As I commence this yarn, I’m sitting in the bowels of the Clarendon Wing, at the Leeds General Infirmary (LGI). Perched beside me are two family members; dynasty heads, positive of demeanour and caring of character.
One is reading an article on cholesterol, during a rare venture from the sports pages of the newspaper, the Daily Propaganda. The other his spouse, ill-at-ease with having to observe a not often undertaken semblance of silence, so not to disturb her husband’s concentration.
With the waiting room clock showing the day halfway through it’s eleventh hour, the two affable individuals (who, for anonymity purposes, I’ll call Arthur and Mavis) swap possession of the tabloid rag. This results in Arthur sitting undemonstratively staring blankly ahead, while Mavis peruses an article in the rag on how shoe horns got their name.
The elderly chief of the brood, pained by the rancid tumour which is now an almost constant nemesis, awaits consultation for a solution to his dilemma. Meanwhile, his missus smiles with the fulfilment everyone feels after acquiring knowledge of shoe horns moniker origins.
Sitting to Mavis’ right, typing on his laptop, is her middle age son. He transcribes the random observations of his waiting room experience with his brave pater.
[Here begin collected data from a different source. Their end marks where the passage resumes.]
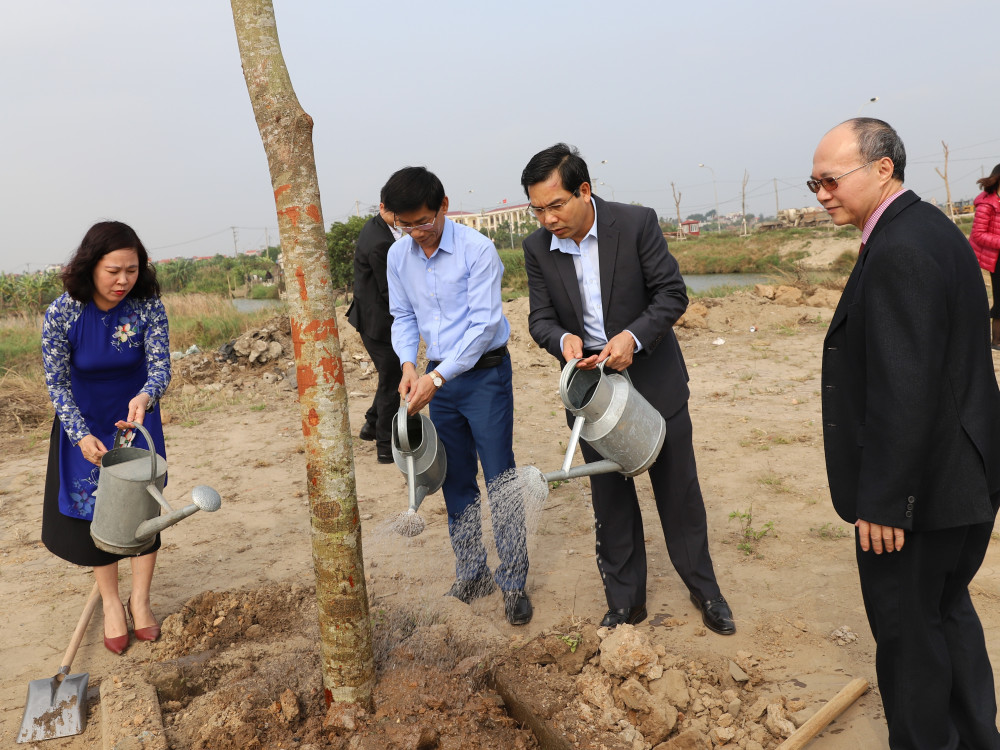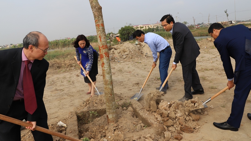 Các đại biểu tham gia trồng cây trên tuyến đường mới của Quận Hải An
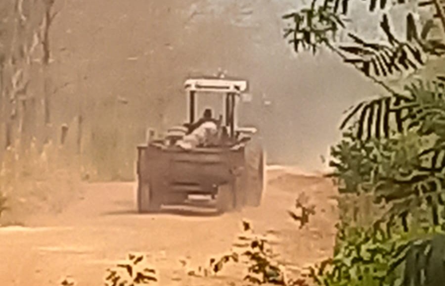 Trator conduzido por invasor transporta madeira extraída ilegalmente da área de reserva da comunidade (foto produzida por moradores).
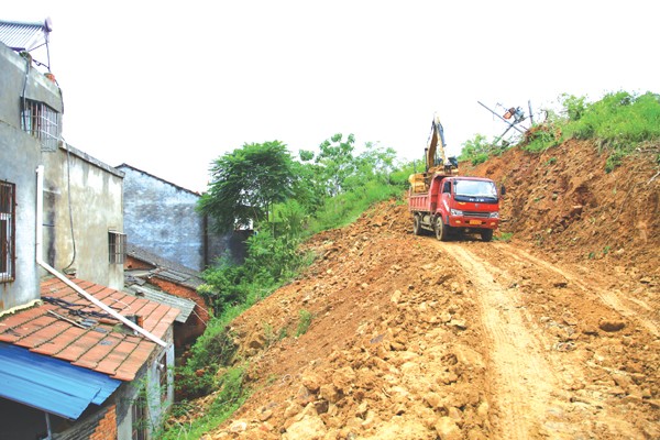 7月5日,曾都区府河镇白河滩村卫生室房屋背后山体出现裂缝,该镇组织工程机械除险救灾,避免山体滑坡造成群众生命财产损失。(本报记者 王璟天摄)
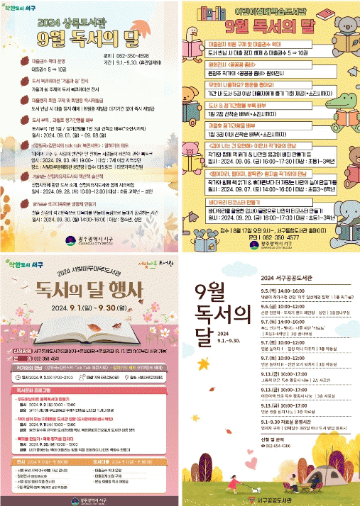 한미 도서관과장은 “가을의 시작 9월에 도서관에서 풍성한 독서문화프로그램을 누리며 주민들이 도서관과 더 친해지는 계기가 되길 바란다”고 말했다.
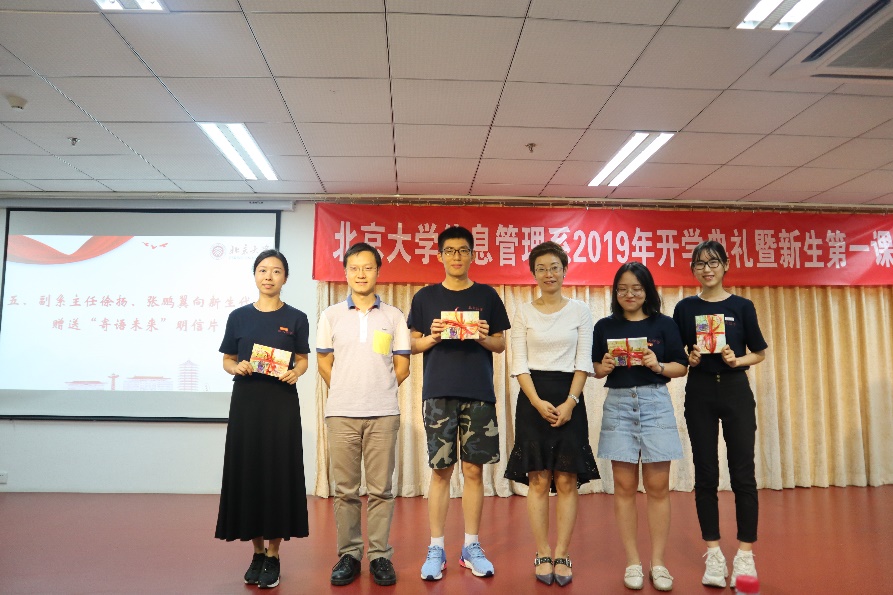 紧接着,副系主任徐扬老师、张鹏翼老师向新生代表赠送“寄语未来”明信片,让同学们写下对自己对未来的期许,始终做到不忘初心。
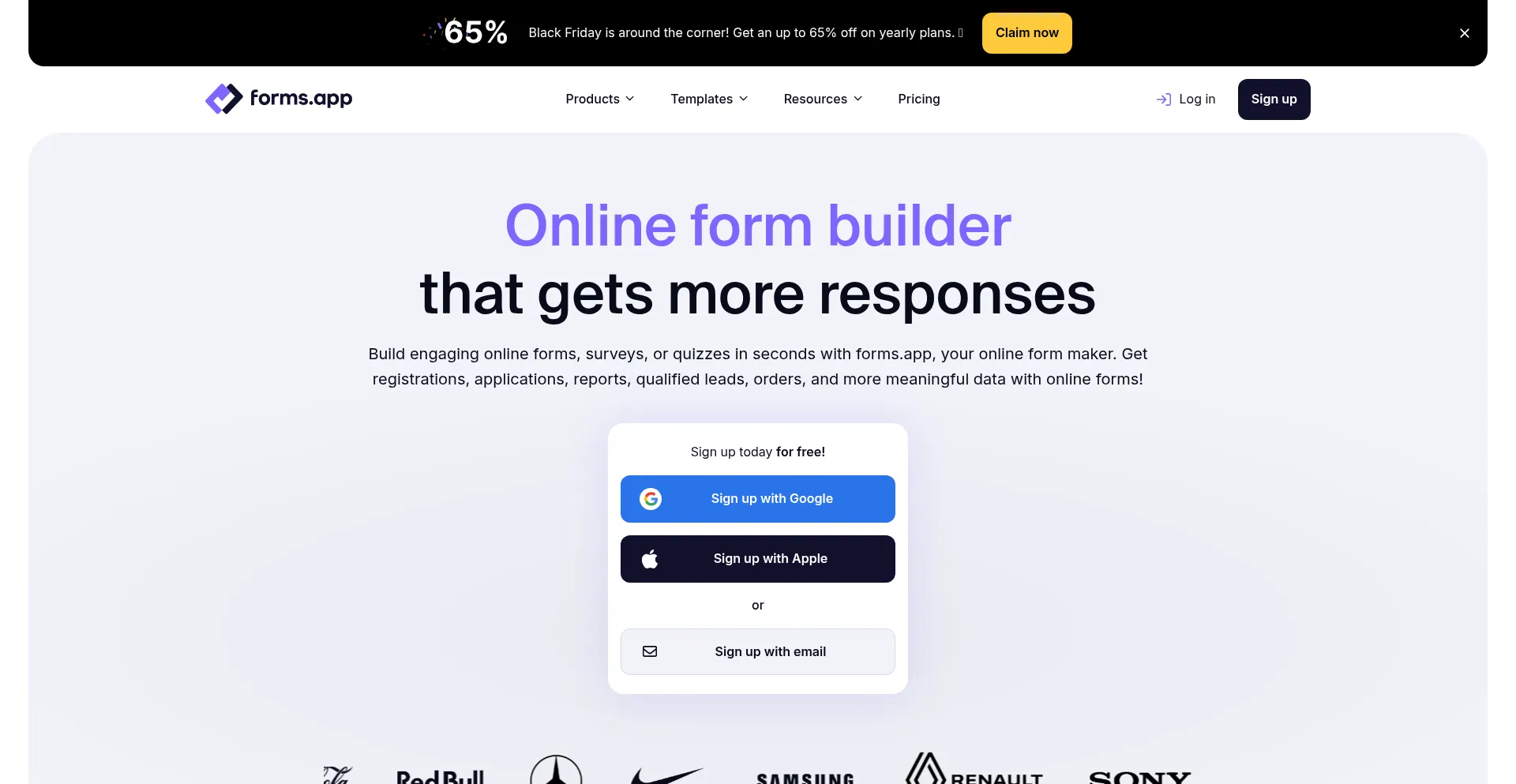 forms.app 拥有可用的 iOS 移动应用程序,表明为 Apple 设备用户提供跨平台可访问性。

I addition to anecdotes about his mater who, thanks to unreliable newspaper tittle tattle, is now an expert on the topic of shoe horns.
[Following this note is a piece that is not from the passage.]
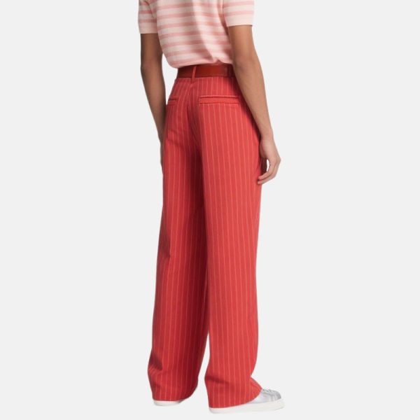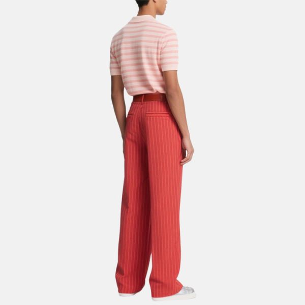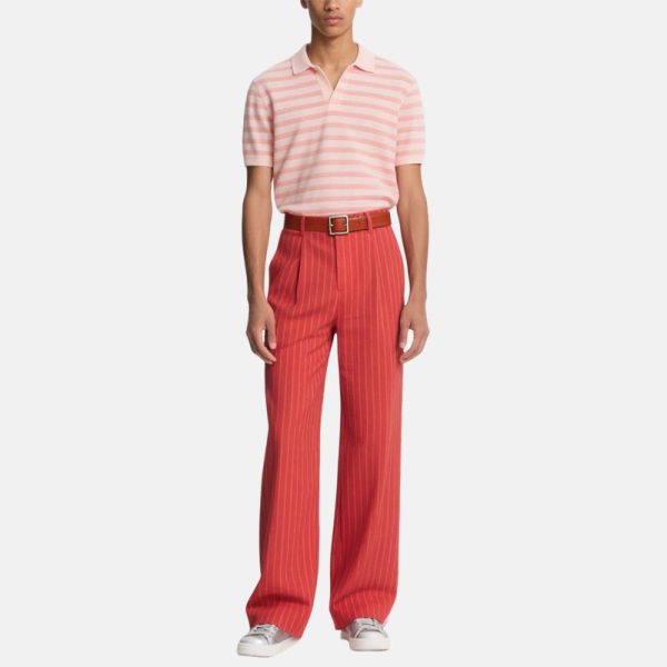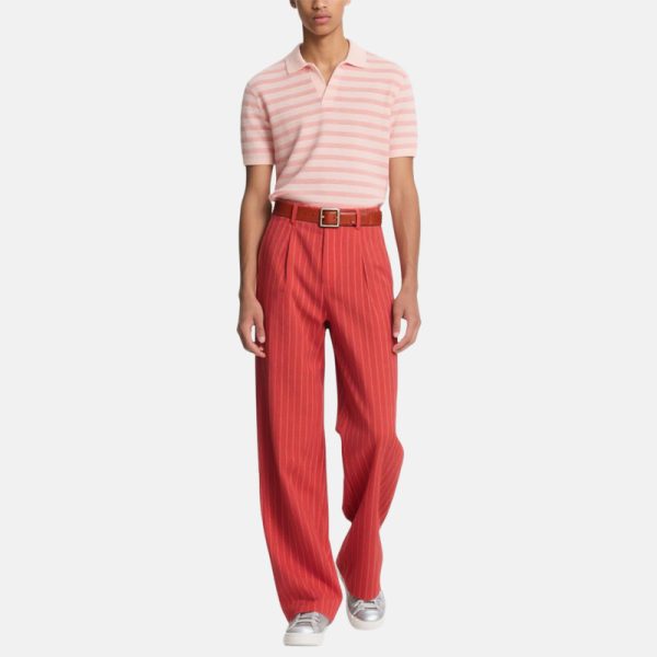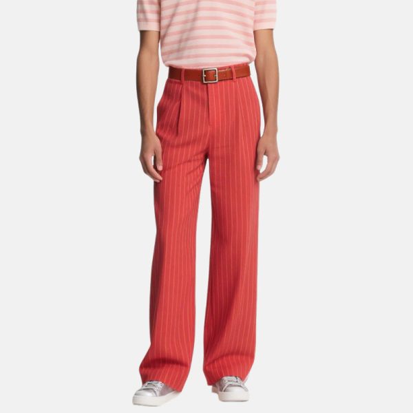 Men’s Red Wide Leg Pants Vertical Pattern Belt for Stylish Casual Outfits​​
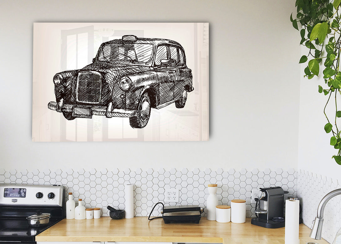 Iconic Black Cab acrylic print, UV printed onto 5mm thick acrylic glass. Comes with everything you need to hang on your wall.

The male offspring, who has spent so much time within Leeds Teaching Hospital over the last six years they now charge him rent, attempts unsuccessfully to recall his lifestyle prior to his wife and dad being stricken with their incurable illnesses.
There was a time when hardest existential challenge of Arthur and Mavis’ son was coping with an unfulfilling working existence. This all changed, though, on 17th November 2010 with his 44 year old spouse’s diagnosis of incurable cancer.
The family blindsided, their world changed forever under an avalanche of treatments, consultations, scans, GP visits, job uncertainty, wage loss and poor support. A mountain of detritus that continues six years on; exacerbated nine month ago when his pater Arthur received the same incurable diagnosis.
Although this is a first visit to this particular LGI waiting room, they all merge into one for the son. Although witnessing the different visages of medical staff and patients, the furniture, hand sanitizer units, two year old copies of magazine People’s Friend and a notice politely requesting visitors not to use the word moist, remain the same.
Arthur, a man of few words apart from moist, struggles with this unusual waiting room edict. He points at the sign and inquires of his wife “I wonder why you can’t say moist, love?”, which brings disapproving looks from the lady receptionist.
At 11.15am, during his consultation, Arthur found out he was to be kept in the LGI for tests, with a possible option of surgery. The consensus of opinion from the pragmatic surgeon and his medical team was the hospital stay would enhance the speed of Arthur’s treatment and palliative care.
I’m concluding this narrative back at chez Strachan, I’m due to venture back to the hospital shortly to check how Arthur is adapting to hospital life. Later, taking home his loving spouse of 56 years……God bless them both!